ASSIGNMENT:
Begin at the line below that has "작품 감상이 끝나고 작가의 한 마디를 적어 작품 옆에 붙여두었습니다.". Stop after the line that has "Framed limited edition", repeating each line exactly and leaving out the pictures.

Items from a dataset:
- - -
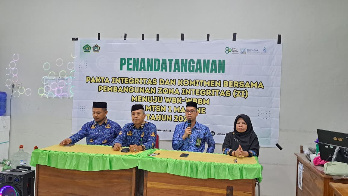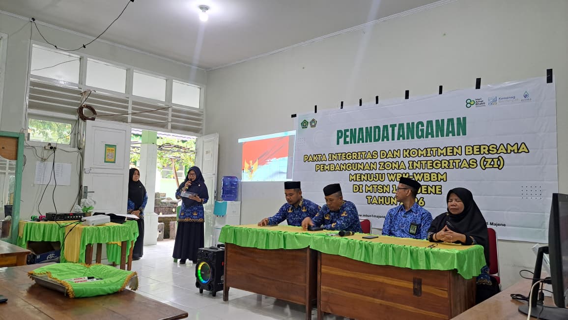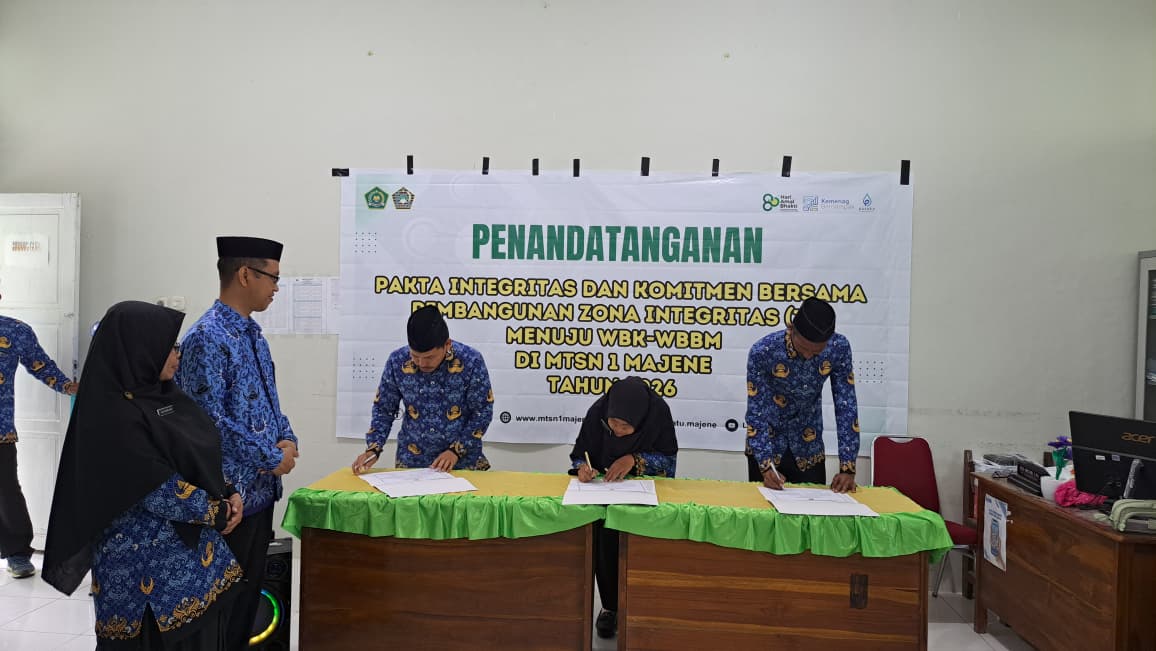 MAJENE – Dalam upaya memperkuat tata kelola lembaga yang bersih, transparan, dan akuntabel, MTsN 1 Majene menyelenggarakan kegiatan Penandatanganan Pakta Integritas dan Komitmen Bersama Pembangunan Zona Integritas (ZI) menuju Wilayah Bebas dari Korupsi (WBK) serta Wilayah Birokrasi Bersih dan Melayani (WBBM) untuk tahun 2025.
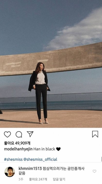 Ts@나킴미 그게 님이 사회생활이 부족해서 그런거예요. 실제로 공인중개사 여자분들보면 의외로 저 스타일이 엄청 많거든요 ㅋㅋ 거의 전국 공통으로
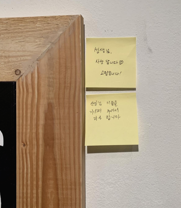작품 감상이 끝나고 작가의 한 마디를 적어 작품 옆에 붙여두었습니다.
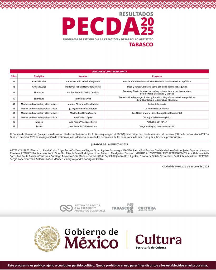 Los resultados completos ya pueden consultarse a través de las redes sociales oficiales de la Secretaría de Cultura de Tabasco, donde se encuentra disponible la lista de las y los seleccionados.
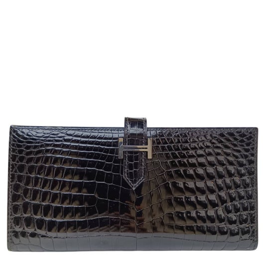 Hermes ベアンスフレ ニロティカス 二つ折り財布エルメス 長財布 シルバー金具 クロコダイル エキゾチックレザー メンズ レディース 黒 ブラック H 2004年
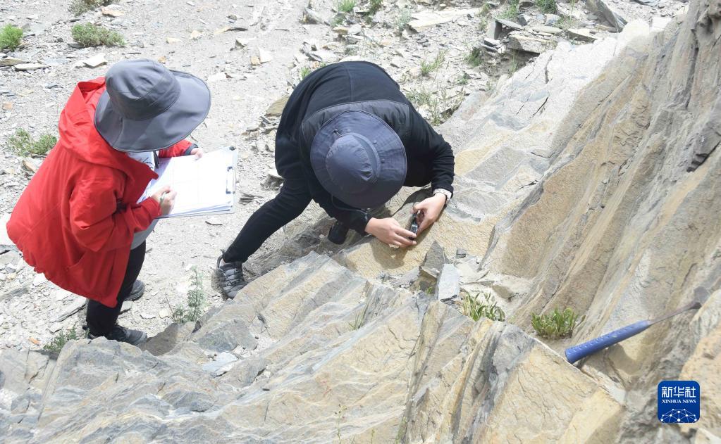 8月21日,在西藏日喀則市一處山體,科考隊員使用地質錘、羅盤等工具,進行地質災害鏈科考工作。新華社記者 杜剛 攝
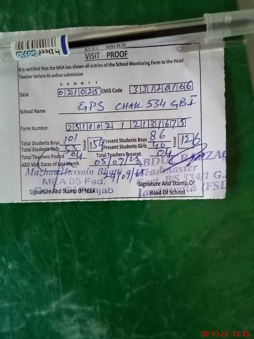 | Attendance Register | Head Teacher | MEA with School | Visit Proof |
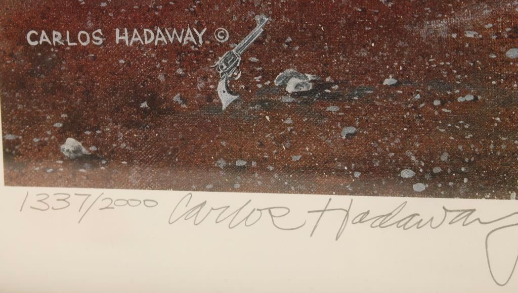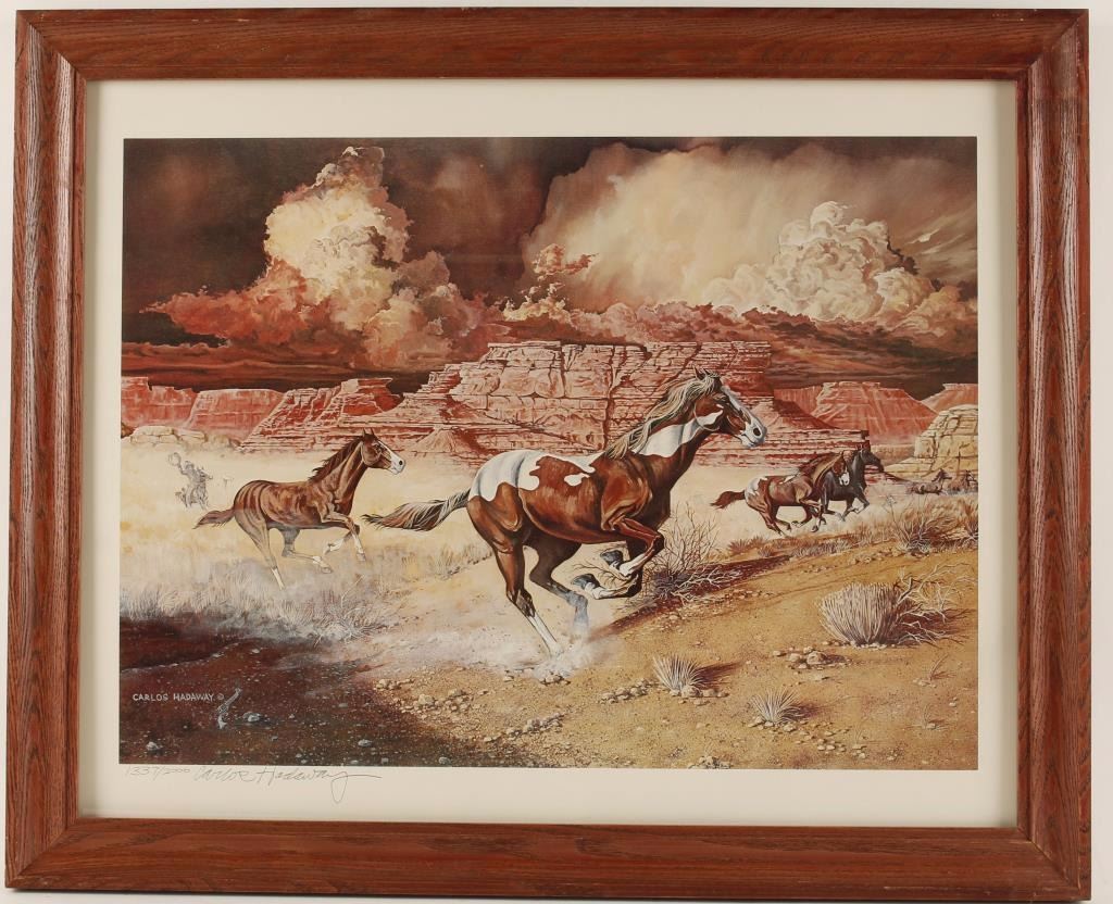 Framed limited edition print by Arizona artist Carlos Hadaway. Carlos is perhaps most well known for his license with Anheuser-Busch, where he created a series of six western prints featuring Budweiser. Hand signed and numbered 1337/2000. Image size measures 18" x 13". Condition is very good.
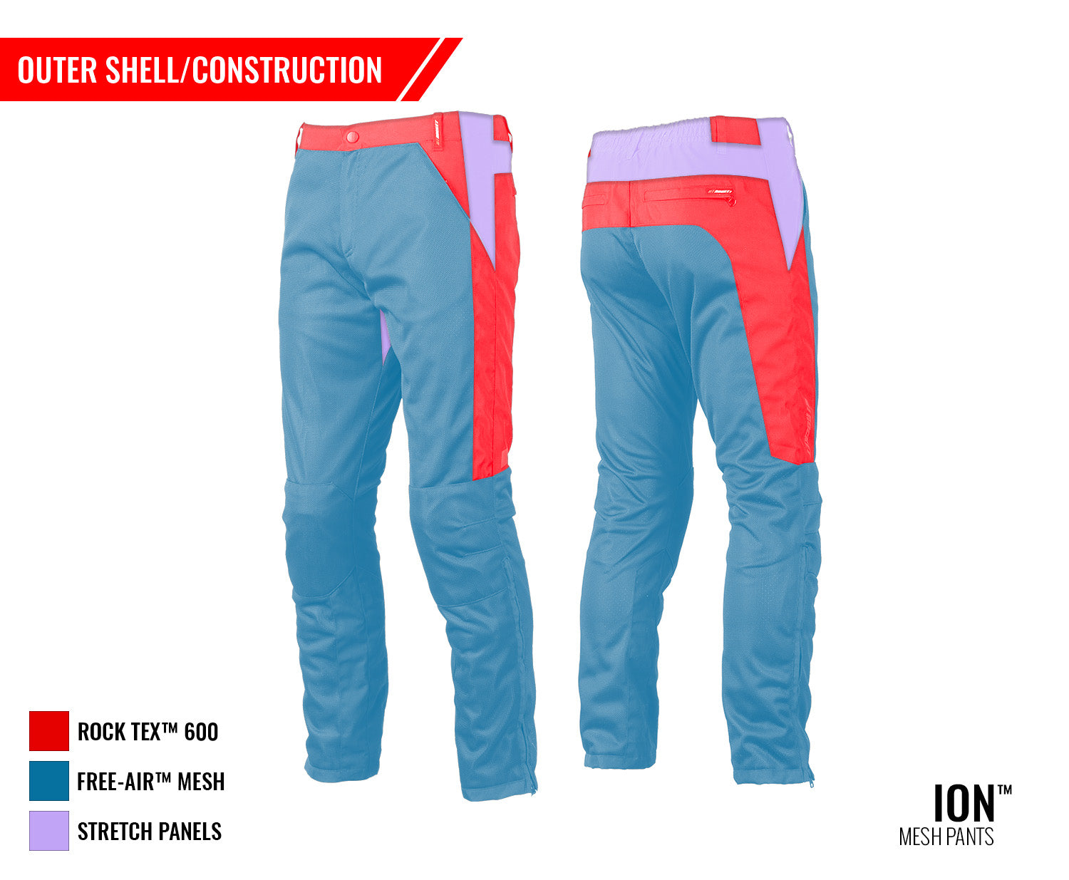 Designed to keep the heat at bay, the Joe Rocket Canada® ION™ mesh motorcycle pants deliver cool running performance in hot and humid riding conditions. Constructed with a high-flow Free-Air™ mesh frame with Rock Tex™ 600 reinforcements, these pants deliver the perfect balance of ventilation and abrasion resistance.
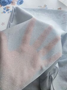 çok ince ve aşırı simliydi yıkadım yine de simi dökülmedi elimle iyice ovalayip ancak bu kadar çıkardım simlerini aşırı derecede sim kullanılmıştı bu dökülmüş hali.evin heryeri sim olmuştu. bide kolay kolay arınmıyor.cok ince iki katlayıp anca idare eder.bide enini geniş yapsalar 50 tl bile fazla buna ki ben 170 tl ye yakın verdim
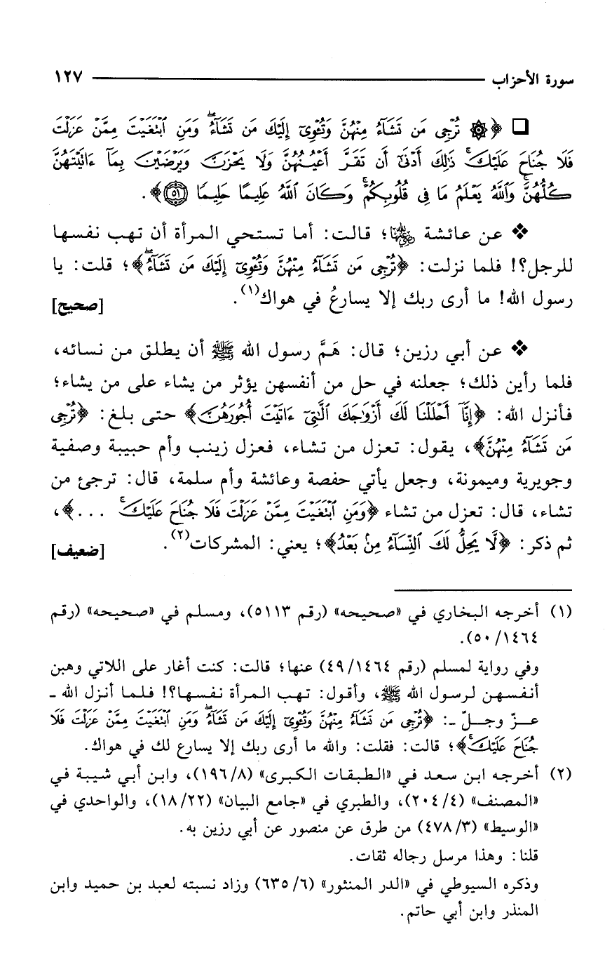 * عن أبي رزين؛ قال: هَمَّ رسول الله - صلى الله عليه وسلم - أن يطلق من نسائه، فلما رأين ذلك؛ جعلنه في حل من أنفسهن يؤثر من يشاء على من يشاء؛ فأنزل الله: {إِنَّا أَحْلَلْنَا لَكَ أَزْوَاجَكَ اللَّاتِي آتَيْتَ أُجُورَهُنَّ} حتى بلغ: {تُرْجِي مَنْ تَشَاءُ مِنْهُنَّ}، يقول: تعزل من تشاء، فعزل زينب وأم حبيبة وصفية وجويرية وميمونة، وجعل يأتي حفصة وعائشة وأم سلمة، قال: ترجئ من تشاء، قال: تعزل من تشاء {وَمَنِ ابْتَغَيْتَ مِمَّنْ عَزَلْتَ فَلَا جُنَاحَ عَلَيْكَ. . .}، ثم ذكر: {لَا يَحِلُّ لَكَ النِّسَاءُ مِنْ بَعْدُ}؛ يعني: المشركات (¬2). [ضعيف]
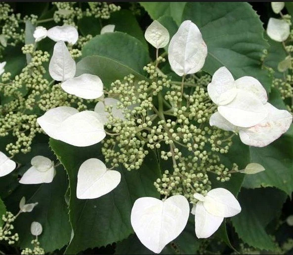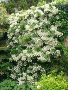 Kwiaty białe zabrane w grona.Kwitnie w czerwcu i lipcu. Dorasta do kilku metrów trzymając się podpory korzonkami czepnymi.Stanowisko półcieniste-północne i najlepiej zaciszne.Świetne pnącze jako roślina okrywowa.
- - -
SOLUTION FOR THIS EXERCISE:
작품 감상이 끝나고 작가의 한 마디를 적어 작품 옆에 붙여두었습니다.
 Los resultados completos ya pueden consultarse a través de las redes sociales oficiales de la Secretaría de Cultura de Tabasco, donde se encuentra disponible la lista de las y los seleccionados.
 Hermes ベアンスフレ ニロティカス 二つ折り財布エルメス 長財布 シルバー金具 クロコダイル エキゾチックレザー メンズ レディース 黒 ブラック H 2004年
 8月21日,在西藏日喀則市一處山體,科考隊員使用地質錘、羅盤等工具,進行地質災害鏈科考工作。新華社記者 杜剛 攝
 | Attendance Register | Head Teacher | MEA with School | Visit Proof |
 Framed limited edition print by Arizona artist Carlos Hadaway. Carlos is perhaps most well known for his license with Anheuser-Busch, where he created a series of six western prints featuring Budweiser. Hand signed and numbered 1337/2000. Image size measures 18" x 13". Condition is very good.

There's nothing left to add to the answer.